We then enter the house of late Aati Jamunda, who lost his life in a firing that took place on January 2, 2006. That day, around 10 am, the police began firing from several kilometers away, and 12 people lost their lives instantly. Three others later succumbed to their injuries. I meet Aati’s father Upin, and mother Haro. It is early evening and Haro is sifting the rice, while Aati’s daughter sits by her. Aati was 35 and didn’t have a job – he worked all day on the field. In 2005, he lost his younger brother, who was a teacher, to brain malaria. “He was ill for three days. Before we could figure out about which health clinic we should go to – since the nearest one is 10 kms away and there are no facilities at all, he died. A year later, we lost Aati,” said Upin, after a contemptuous look towards me. Dabar later explained that they spoke in Hoo in my presence – “So many journalists have come and gone. They ask the same questions, but they go back and write that my son was a goon, who would have been reformed by Tata’s developmental plans. I lost my son, but I am still angry.”

Upin and Haro Jamunda

I request the senior Jamunda if I could take a look at a photograph of Aati. He searches all around in their tiny hut but couldn’t find it. Meanwhile, I try to strike a conversation with Aati’s petite mother in Hindi, and Dabar does the job of the translator. “In a bid to protect my land and parampara (culture), I have lost my son. I don’t have the skills or energy to work in a factory, but I can still work on my field, because I would do it with love. I still have the power within myself to fight one. I am ready to give my life, as well as take life,” said the 55-year-old woman.

Slowly, Upin narrated the chain of events on that fateful day. “Aati was on the field when he heard that the cops had come in. He rushed out to see what had happened. We next learnt that he was shot on his chest. They took his body away instantly.” Dabar added, “We wrote a letter to the CM demanding that the five bodies which were taken away be returned. Three days later, we were handed Aati’s decomposed body but his palms were missing. We don’t even know if any post mortem was done. When we asked why the hands were chopped, the authorities said that it was for identification. We buried his body according to the traditional rites. They returned ‘his’ hands six months later, but how would we know if those were his hands?”

With a heavy heart and a head bowed, we walked ahead. We were stopped by a middle-aged lady who called out to Dabar. Observing her colourful house, I said to Dabar, “They must be rich.” He laughed and whispered, “Wait until you hear their story.”
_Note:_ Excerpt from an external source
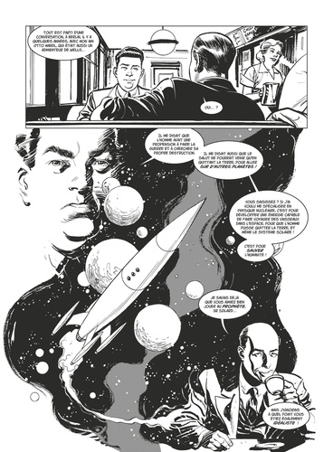 L'incroyable histoire vraie de l'arme la plus effroyable jamais créée. Le 6 août 1945, une bombe atomique ravage Hiroshima. Des dizaines de milliers de personnes sont instantanément pulvérisées. Et le monde entier découvre, horrifié, l'existence de la bombe atomique, première arme de destruction massive. Mais dans quel contexte, comment et par qui cet instrument de mort a-t-il pu être développé ? Véritable saga de 450 pages, ce roman graphique raconte les coulisses et les personnages-clés de cet événement historique qui, en 2020, commémore son 75e anniversaire. Des mines d'uranium du Katanga jusqu'au Japon, en passant par l'Allemagne, la Norvège, l'URSS et le Nouveau-Mexique, c'est une succession de faits incroyables mais vrais qui se sont ainsi déroulés. Tous ceux-ci sont ici racontés à hauteur d'hommes : qu'ils soient décideurs politiques (Roosevelt, Truman), scientifiques passés à la postérité (Einstein, Oppenheimer, Fermi...) ou acteurs majeurs demeurés méconnus, tels Leó Szilàrd (le personnage principal de cet album, un scientifique qui remua ciel et terre pour que les USA développent la bombe, puis fit l'impossible pour qu'ils ne l'utilisent jamais), Ebb Cade (un ouvrier afro-américain auquel on injecta à son insu du plutonium pour en étudier l'effet sur la santé) ou Leslie Groves (le général qui dirigea d'une main de fer le Projet Manhattan) - sans oublier, bien sûr, les habitants et la ville d'Hiroshima, reconstituée dans La Bombe de manière authentique. Extrêmement documenté mais avant tout passionnant, comparable en cela à la série TV Chernobyl, cet ouvrage s'impose déjà comme le livre de référence sur l'histoire de la bombe atomique.

We enter their large courtyard and about 10 children surround me, upon seeing me wielding the camera. They were children who were unsure of their future, yet were oblivious to the gloom that enveloped the household. I learnt that the lady who beckoned was the mother of Jogendra Jamunda, who was arrested on August 27, 2009. He was an active leader of BBJM in the village. Jogendra’s young wife Pini comes to greet us, with a toddler in her arm, who was born just three months ago. Her two children look on as we talk. “He had gone to play football in another village. Later all the men who were playing returned, except for my husband and two others. We learnt that they had been arrested. The other two men were let out on bail the next day, but my husband has not been so fortunate,” Pini says in broken Hindi.
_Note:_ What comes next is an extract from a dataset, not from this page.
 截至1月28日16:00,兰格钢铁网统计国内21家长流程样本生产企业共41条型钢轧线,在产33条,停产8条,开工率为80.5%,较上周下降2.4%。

Pini Jamunda, along with her three children, show me the photograph of Jogendra

Her mother-in-law added, “Much before he was arrested, he was once taking me to the haat (weekly market) in Duburi on his bike. We were just 100 metres away from the Kalinganagar police station when he was shot on his back by goons. It was a crowded area, and so we managed to take care of him, but he still has the bullet lodged in his back.” I ask them about the charges on which he is under arrest. “Oh there are so many!” his mother says, adding, “Everything from dacoity, murder, waging war against the state to being a Maoist – my son seems to have done everything!” A dry laughter follows. She holds my hand as we leave and says, “There is nothing much to say, you know. We just keep on hoping that we will win and save our land. And that Jogendra will be released. We can only hope that God will hear us.”